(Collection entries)
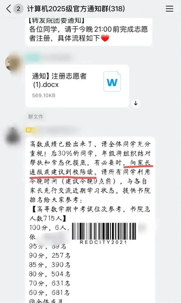 近日,有网友发文称,南京理工大学致知书院计算机2025级官方群内发布通知称,对高数成绩排名后30%的同学,年级将组织结对帮扶与常态化摸底,有必要时,向家长通报或建议到校陪读。
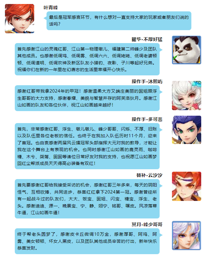 在《幻唐志:逍遥外传》手游第101届天选之战当中,江山如画2队披荆斩棘,最后在与神来气旺1队的比赛中赢得胜利,最终夺得本届天选之战甲组冠军,恭喜他们! 战队简介 战队名称:江山如画2队 战队荣誉:第101届天选之战甲组冠军 战队构成:一封、一奶、两物理、一法 不厚好猛(曜华城)、明年今日(无量)、峰少哥哥(冥月天)、墩儿墩儿(万兽岭)、糖小仙女(武侯府) 编辑:ssc
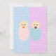 Diese niedliche Einladung ist ideal zum Duschen der Frau mit einem Jungen und einem Mädchen. Der Hintergrund ist in Rosa und Blau gespalten. Es zeigt Cartoon Babys, eins ein Mädchen und eins ein Junge. Sie können den gesamten Text anpassen.
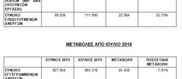 Δημοσιεύθηκε στις 23 Αυγούστου 2019 | Χωρίς σχόλια.Αύξηση της ανεργίας τον μήνα Ιούλιο δε διαπίστωσε μόνο η Εργάνη αλλά και ο ΟΑΕΔ, σύμφωνα με την Ένωση για την Υπεράσπιση της Εργασίας και του Κοινωνικού Κράτους (ΕΝΥΠΕΚΚ). Με βάση με τα τελευταία στοιχεία κατά 65.456 άτομα αυξήθηκαν οι άνεργοι σε σχέση με τον […] -
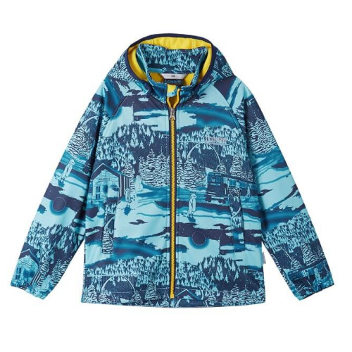 Демісезонна куртка Lassie by Reima Kataja 7100015A-6961 для хлопчика. Модель представлена в синьому кольорі з принтом.
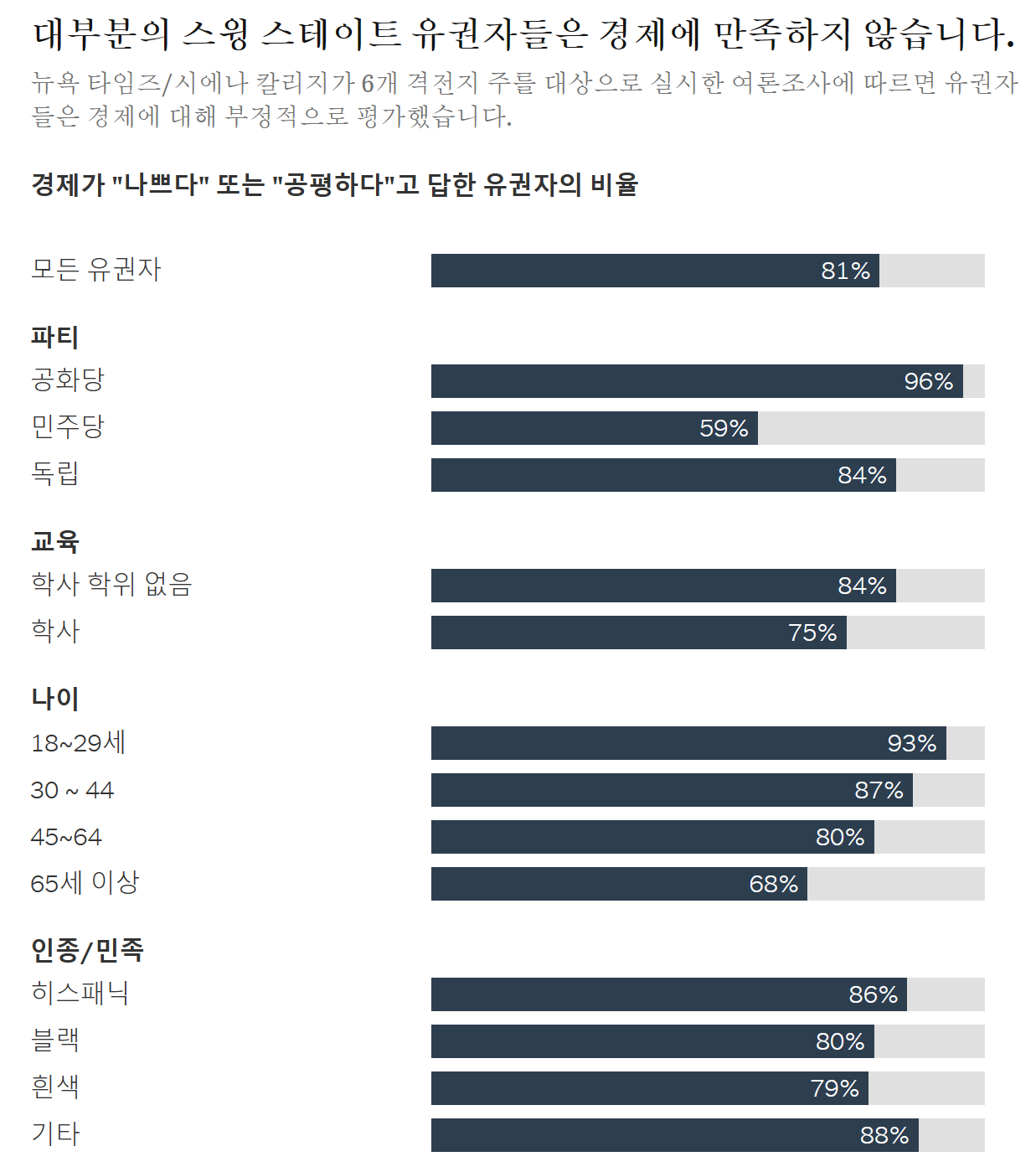 하지만 미국인들은 반드시 그렇게 생각하지는 않습니다. 최근 뉴욕 타임즈/시에나 칼리지가 6개 스윙 스테이트 유권자를 대상으로 실시한 여론조사에서 10명 중 8명은 경제가 보통이거나 나쁘다고 답했습니다. 경제가 우수하다고 답한 비율은 2%에 불과했습니다. 성별, 인종, 연령, 학력, 지역, 소득, 지지 정당에 관계없이 모든 미국인 그룹의 대다수가 부정적인 견해를 가지고 있었습니다.
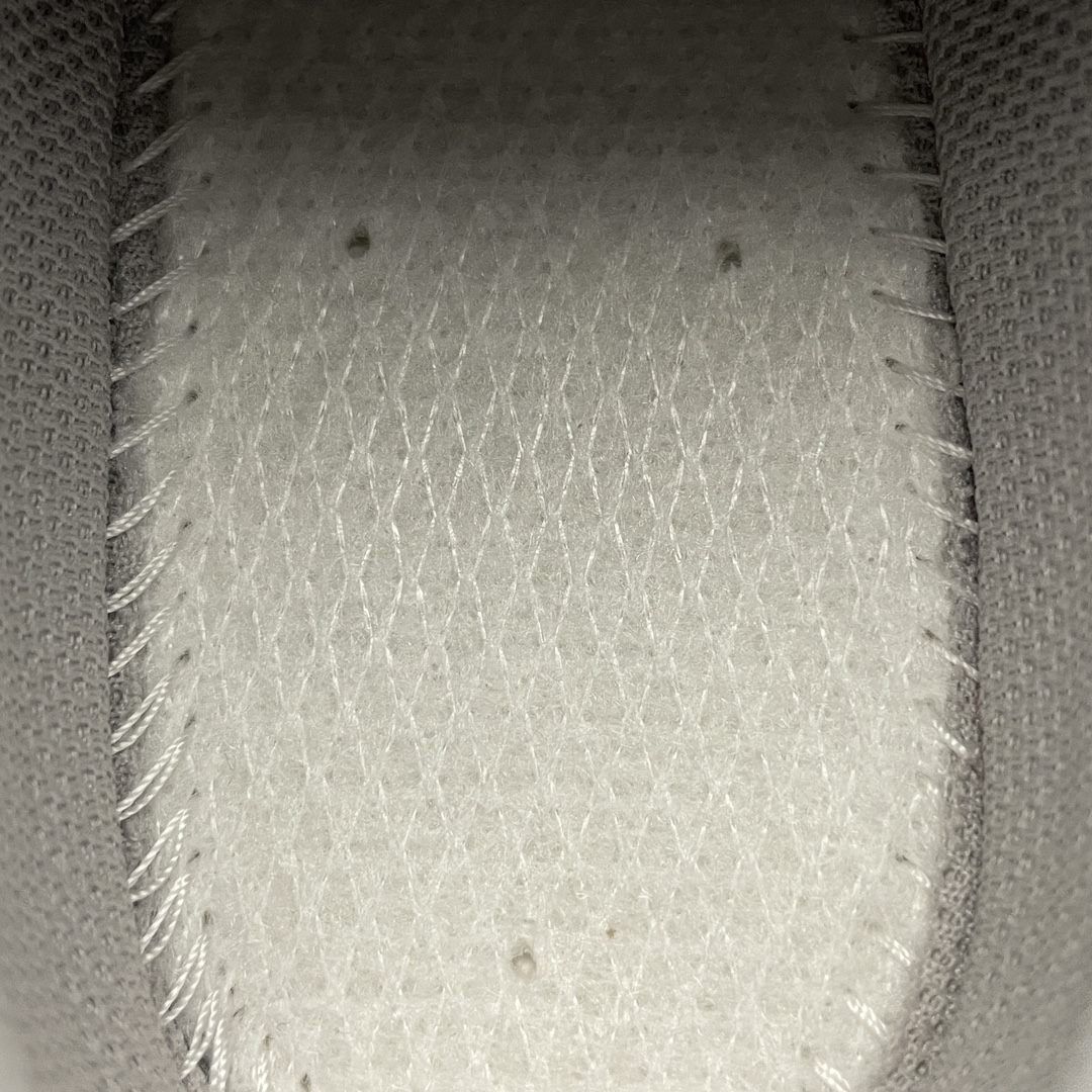 La tige de la chaussure est fabriquée en mesh et en cuir, offrant ainsi une bonne respirabilité tout en assurant une structure solide et durable. La couleur dominante est le blanc, accompagnée de nuances de gris (Rain Cloud) et de détails métalliques argentés (Silver Metallic), ce qui lui confère un look à la fois élégant et moderne.
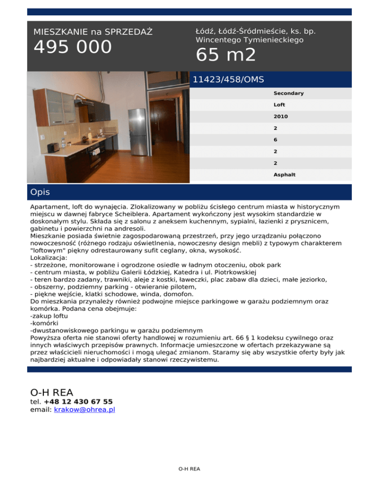 MIESZKANIE na SPRZEDAŻ 495 000 Łódź, Łódź-Śródmieście, ks. bp. Wincentego Tymienieckiego 65 m2 11423/458/OMS Secondary Loft 2010 2 6 2 2 Asphalt Opis Apartament, loft do wynajęcia. Zlokalizowany w pobliżu ścisłego centrum miasta w historycznym miejscu w dawnej fabryce Scheiblera. Apartament wykończony jest wysokim standardzie w doskonałym stylu. Składa się z salonu z aneksem kuchennym, sypialni, łazienki z prysznicem, gabinetu i powierzchni na andresoli. Mieszkanie posiada świetnie zagospodarowaną przestrzeń, przy jego urządzaniu połączono nowoczesność (różnego rodzaju oświetlnenia, nowoczesny design mebli) z typowym charakterem "loftowym" piękny odrestaurowany sufit ceglany, okna, wysokość. Lokalizacja: - strzeżone, monitorowane i ogrodzone osiedle w ładnym otoczeniu, obok park - centrum miasta, w pobliżu Galerii Łódzkiej, Katedra i ul. Piotrkowskiej - teren bardzo zadany, trawniki, aleje z kostki, ławeczki, plac zabaw dla dzieci, małe jeziorko, - obszerny, podziemny parking - otwieranie pilotem, - piękne wejście, klatki schodowe, winda, domofon. Do mieszkania przynależy również podwojne miejsce parkingowe w garażu podziemnym oraz komórka. Podana cena obejmuje: -zakup loftu -komórki -dwustanowiskowego parkingu w garażu podziemnym Powyższa oferta nie stanowi oferty handlowej w rozumieniu art. 66 § 1 kodeksu cywilnego oraz innych właściwych przepisów prawnych. Informacje umieszczone w ofertach przekazywane są przez właścicieli nieruchomości i mogą ulegać zmianom. Staramy się aby wszystkie oferty były jak najbardziej aktualne i odpowiadały stanowi rzeczywistemu. O-H REA tel. +48 12 430 67 55 email: [email protected] O-H REA Powered by TCPDF (www.tcpdf.org)

→ WORK TO BE COMPLETED: Reproduce the data above word for word from its first line through the line that holds "Diese niedliche Einladung", both ends included; skip pictures.

→ TASK SOLUTION:
 近日,有网友发文称,南京理工大学致知书院计算机2025级官方群内发布通知称,对高数成绩排名后30%的同学,年级将组织结对帮扶与常态化摸底,有必要时,向家长通报或建议到校陪读。
 在《幻唐志:逍遥外传》手游第101届天选之战当中,江山如画2队披荆斩棘,最后在与神来气旺1队的比赛中赢得胜利,最终夺得本届天选之战甲组冠军,恭喜他们! 战队简介 战队名称:江山如画2队 战队荣誉:第101届天选之战甲组冠军 战队构成:一封、一奶、两物理、一法 不厚好猛(曜华城)、明年今日(无量)、峰少哥哥(冥月天)、墩儿墩儿(万兽岭)、糖小仙女(武侯府) 编辑:ssc
 Diese niedliche Einladung ist ideal zum Duschen der Frau mit einem Jungen und einem Mädchen. Der Hintergrund ist in Rosa und Blau gespalten. Es zeigt Cartoon Babys, eins ein Mädchen und eins ein Junge. Sie können den gesamten Text anpassen.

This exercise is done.